The shape of the CRF at very low concentrations is particularly uncertain, with a lack of evidence for exposures below the GEMM minimum (2.4 μg/m3). We assign zero marginal impacts for changes in concentrations in counties below that exposure level, which include 0.02% of the population in 2017 and 0% in 2008. Moreover, while we calculate marginal impacts for any level above 2.4 μg/m3, any policy that leads to meaningful public health improvements will lower concentrations by more than a marginal amount. If we consider that amount to be 0.5 μg/m3, it would include 0.1% of the population in 2017 and 0.006% in 2008 (i.e., that experienced baseline levels <2.9 μg/m3 or no more than 0.5 μg/m3 above the threshold). In these rare cases, while we estimate positive marginal benefits, meaningful policies of emission reductions might have little effect. We use the same minimum level of 2.4 μg/m3 for all CRFs, extending the risk estimates by Vodonos et al. (32) and Krewski et al. (34) to that level, even as the studies were not able to estimate risks for such low exposures.

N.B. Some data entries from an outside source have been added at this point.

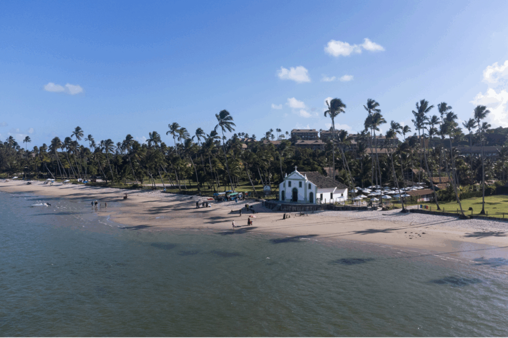 Um cenário de cartão-postal: coqueiros, igrejinha branca e um mar que parece espelho. A calma domina o dia e a sensação de paz é contagiante, excelente para famílias que buscam descanso de verdade.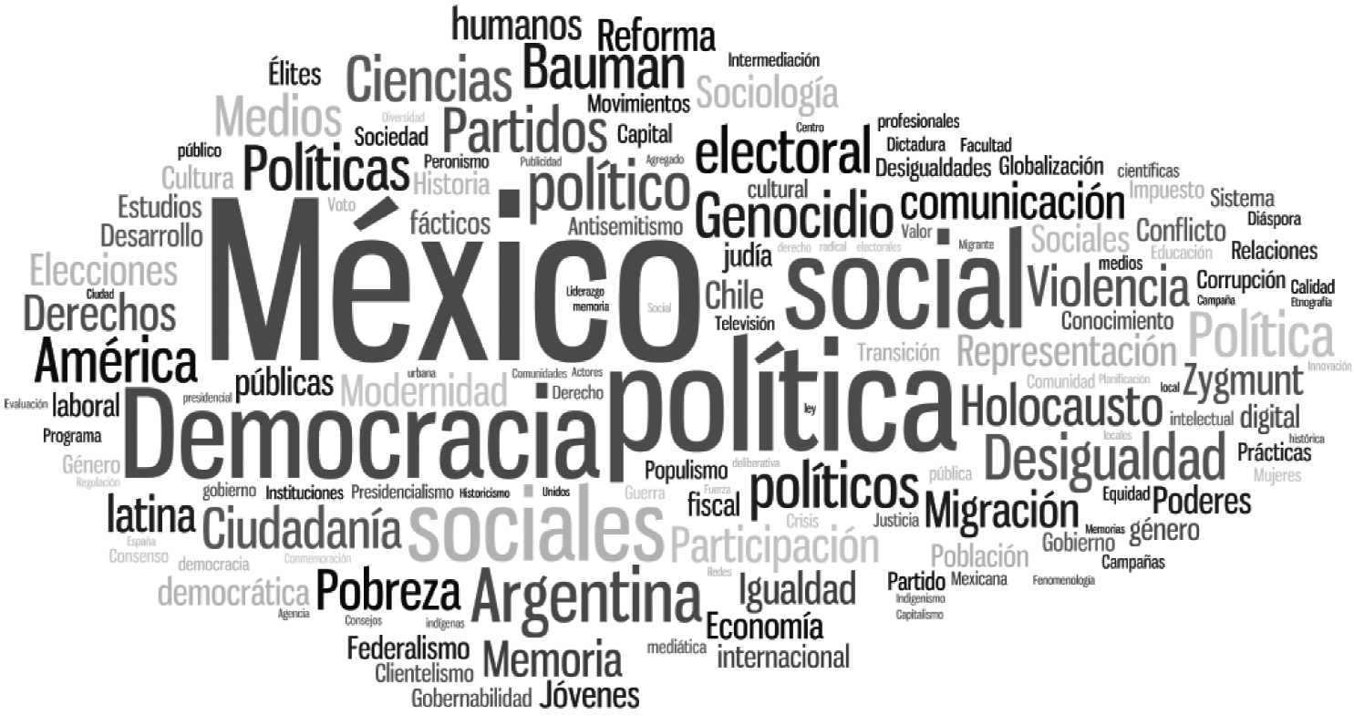Si pretendemos, en el seno de la diversidad, preguntarnos por la identidad de la Revista en función de temáticas particulares, he aquí una respuesta: México, democracia, política, políticas, partidos, pobreza y ciudadanía (figura 1). El diseño de una nube de palabras con las 978 palabras/expresiones clave de los distintos artículos de las secciones varia y dossier permite identificar la frecuencia de las distintas temáticas.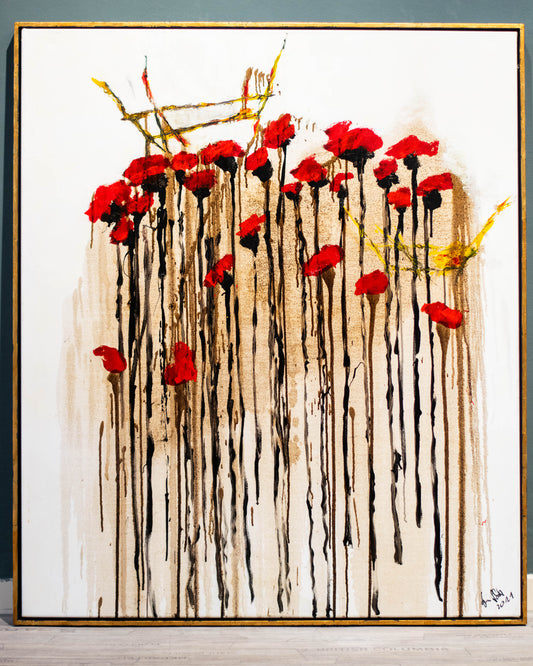 Mohnblumen, o.T., Jan Schröder (*1948), Mischtechnik auf Leinwand, 2021.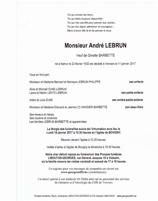 Veuf de Madame Ginette BARBETTE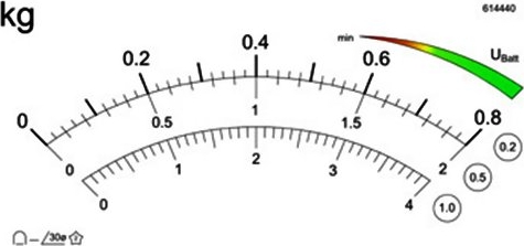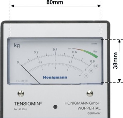 The scale can be marked with empirical units (0-100%) or, optionally, calibrated to display values in two(2) different tension ranges with any units of measure (grams, cN, daN, Kg, Newtons, etc.)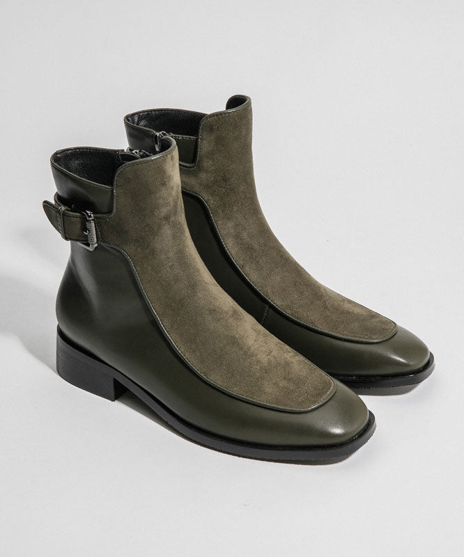 White Chunky Cowhide Leather Zippered Splicing Boots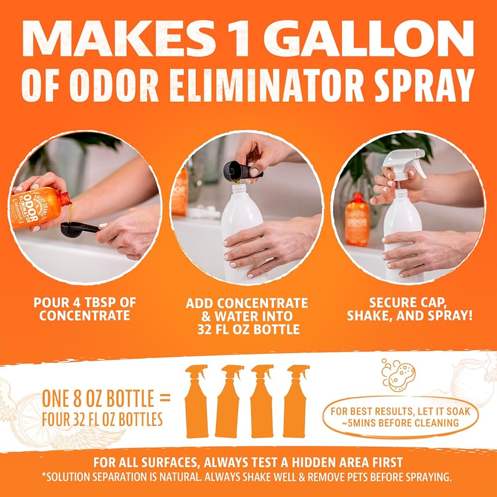 • منظف ​​مركّز: ما عليك سوى إضافة 4 ملاعق كبيرة من مزيل رائحة البول هذا إلى زجاجة ماء سعة 32 أونصة - ثق بنا، هذا كل ما ستحتاج إليه. بعد ذلك، فقط قم برجه ورشه حتى يرضي قلبك. خيار مستدام لمزيل الرائحة!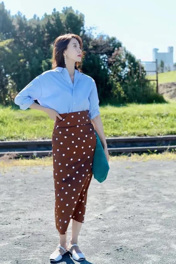 如果你選擇的水藍色飽和度比較低,在搭配的時候,就可以選擇顏色比較深的大地色來配,比如水藍色襯衫+深棕色波點半身裙,色彩上呈現的明暗反差,可以帶來很明顯的對比,整個着裝打扮也變得清新起來。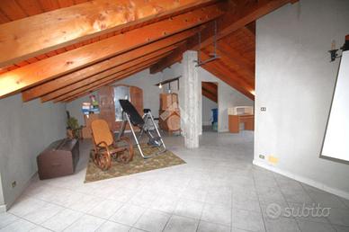 Il piano superiore ospita un ampio sottotetto mansardato con travi a vista in legno, impreziosito da due velux che donano grande luminosità naturale agli spazi. Un ambiente caldo e accogliente, ideale come zona studio, area relax o ulteriori camere, con la possibilità di realizzare un terzo bagno secondo le proprie esigenze.

We present our air pollution results in 2017 US attributable deaths as well as their monetized value in 2017 US dollars. The monetary value is calculated using a $10.2 million VSL, reflecting the $9.3 million in 2014 used by HHS (35) adjusted to 2017 for inflation [US gross domestic product (GDP) deflator from World Bank (43)] and income [median usual weekly earnings from US Department of Labor (44)], the latter assuming an income elasticity of the VSL of 1. There is a “cessation lag” between changes in emissions and changes in mortality, and we apply the cessation lag structure recommended by the EPA’s Advisory Council on Clean Air Compliance Analysis (45), discounting benefits using a 3% discount rate in our monetized results. In the EPA’s recommended structure, 30% of the benefits occur in the first year, another 50% uniformly in years 2 to 5, and the remaining 20% uniformly between years 6 and 20. This results in a net present value of 0.89 × $10.2 million, or $9.1 million, for each fatality. Our results presented as attributable deaths, on the other hand, are simply the undiscounted sum of attributable deaths that occur in years 1 through 20.
SI Appendix, Figs. S7–S10 contain distributions of marginal impacts per metric ton under different CRFs. Full datasets are provided in the SI Appendix.